What this task involves: Restate word for word the lines of the entries below, starting with the line that holds "Make your just-married" and ending with the line that holds "Le DELTA 3 Max", and no others.

Records for this task:
============================================================
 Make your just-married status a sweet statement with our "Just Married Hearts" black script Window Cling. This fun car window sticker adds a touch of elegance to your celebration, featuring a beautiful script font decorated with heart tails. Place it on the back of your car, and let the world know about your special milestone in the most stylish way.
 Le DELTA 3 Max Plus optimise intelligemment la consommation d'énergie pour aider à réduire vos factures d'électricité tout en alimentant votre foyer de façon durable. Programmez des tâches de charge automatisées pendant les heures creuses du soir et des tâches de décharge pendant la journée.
============================================================
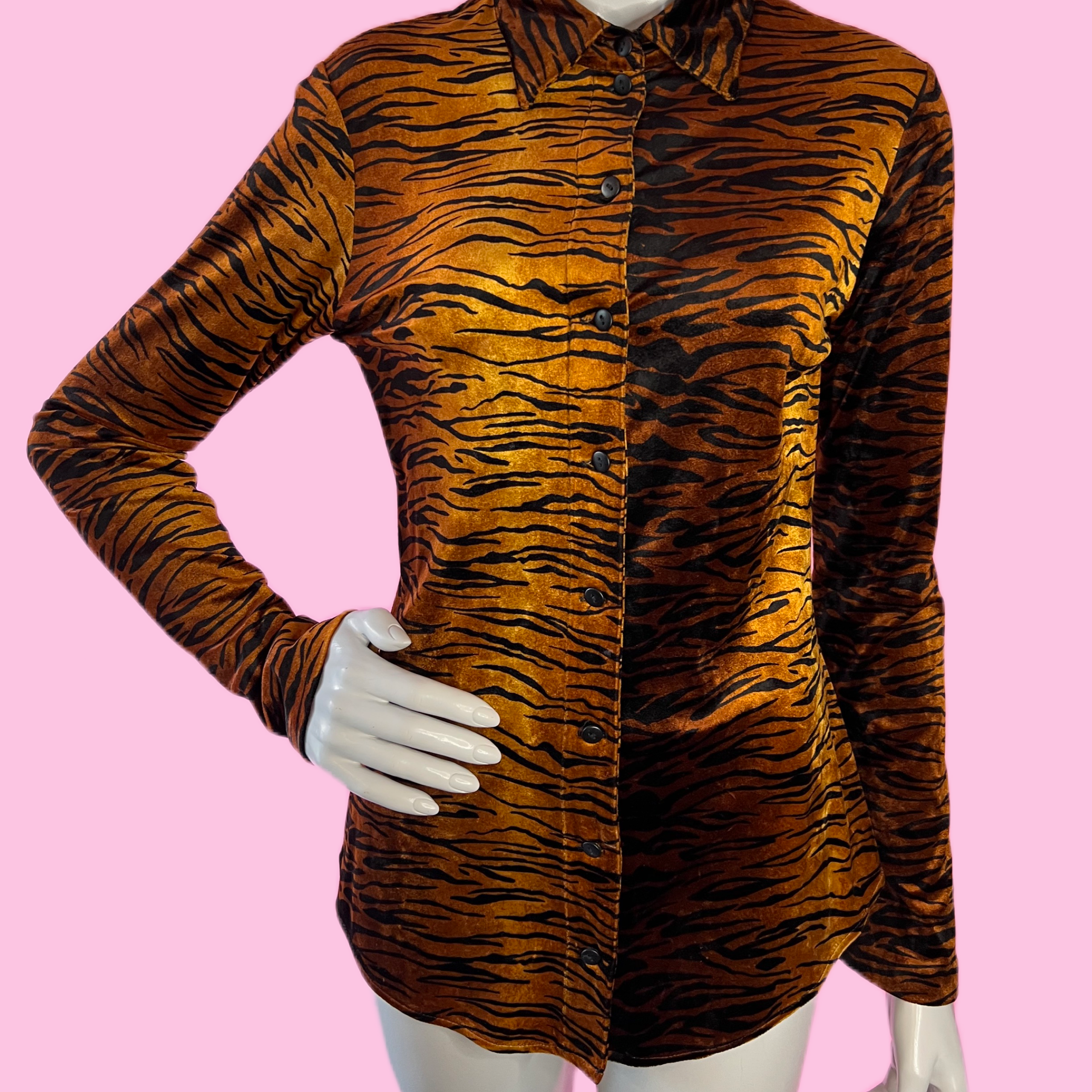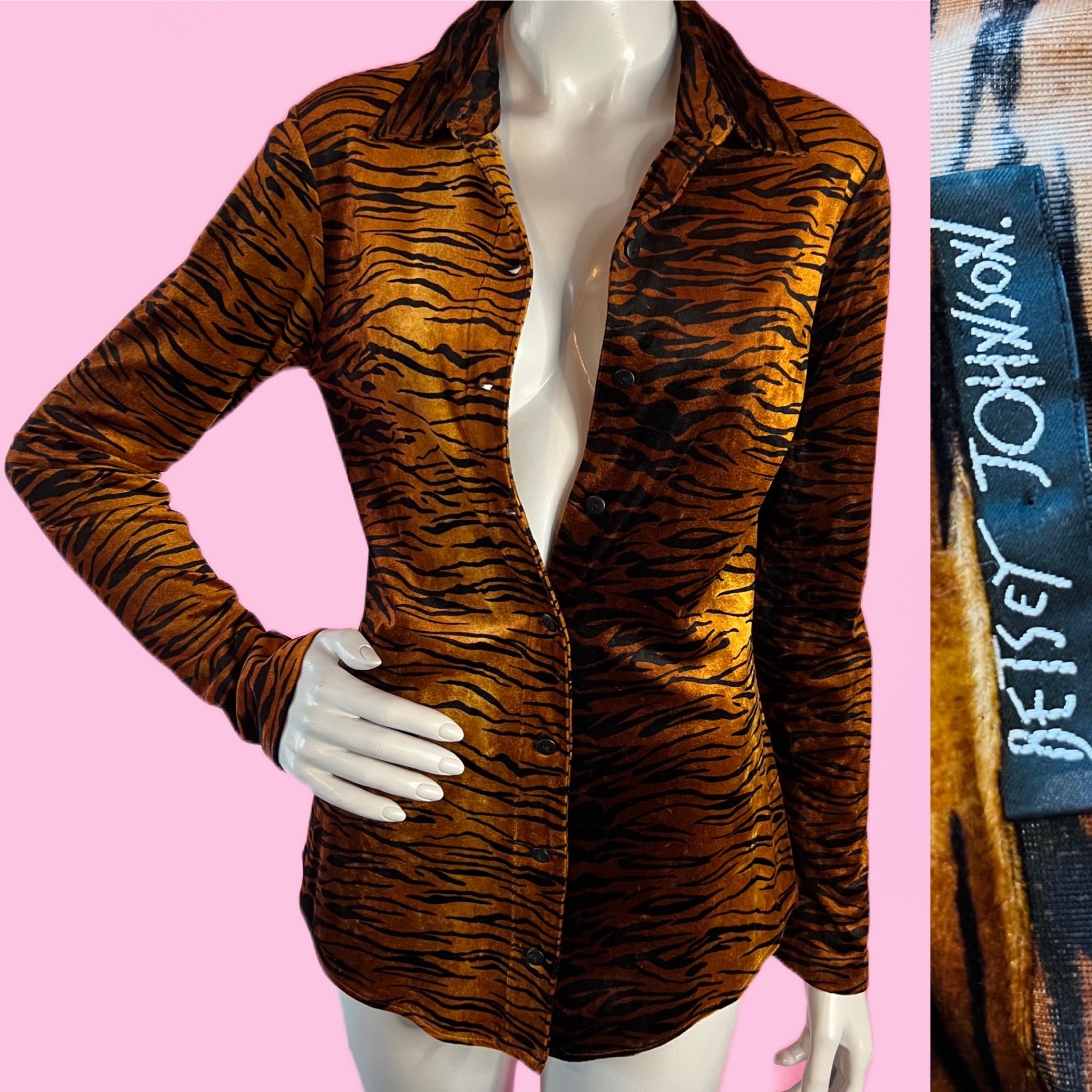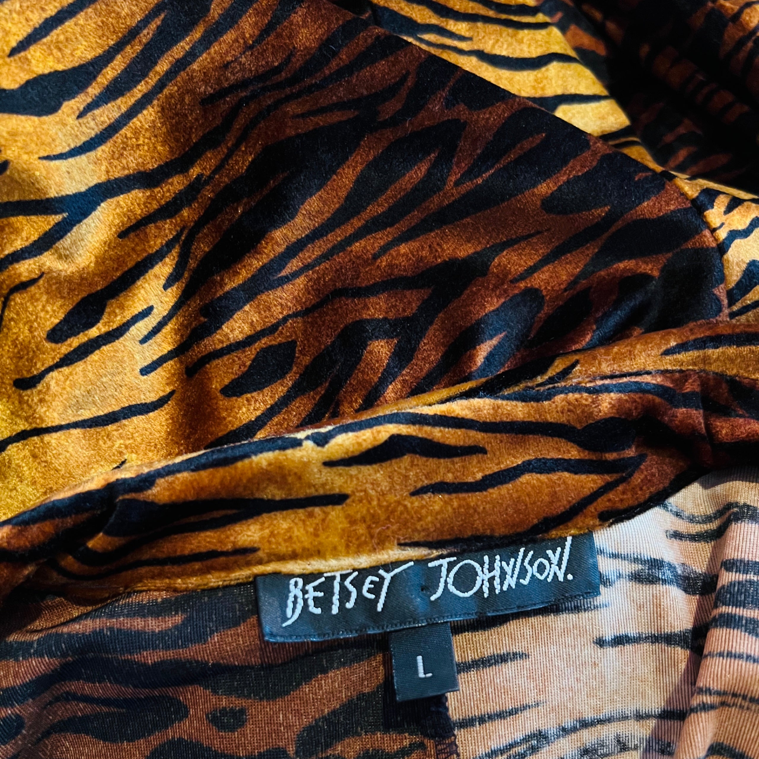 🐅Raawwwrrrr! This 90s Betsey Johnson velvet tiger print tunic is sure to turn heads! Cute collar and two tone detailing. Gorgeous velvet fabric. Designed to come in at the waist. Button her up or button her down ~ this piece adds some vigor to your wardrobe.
============================================================
Response area:
 Make your just-married status a sweet statement with our "Just Married Hearts" black script Window Cling. This fun car window sticker adds a touch of elegance to your celebration, featuring a beautiful script font decorated with heart tails. Place it on the back of your car, and let the world know about your special milestone in the most stylish way.
 Le DELTA 3 Max Plus optimise intelligemment la consommation d'énergie pour aider à réduire vos factures d'électricité tout en alimentant votre foyer de façon durable. Programmez des tâches de charge automatisées pendant les heures creuses du soir et des tâches de décharge pendant la journée.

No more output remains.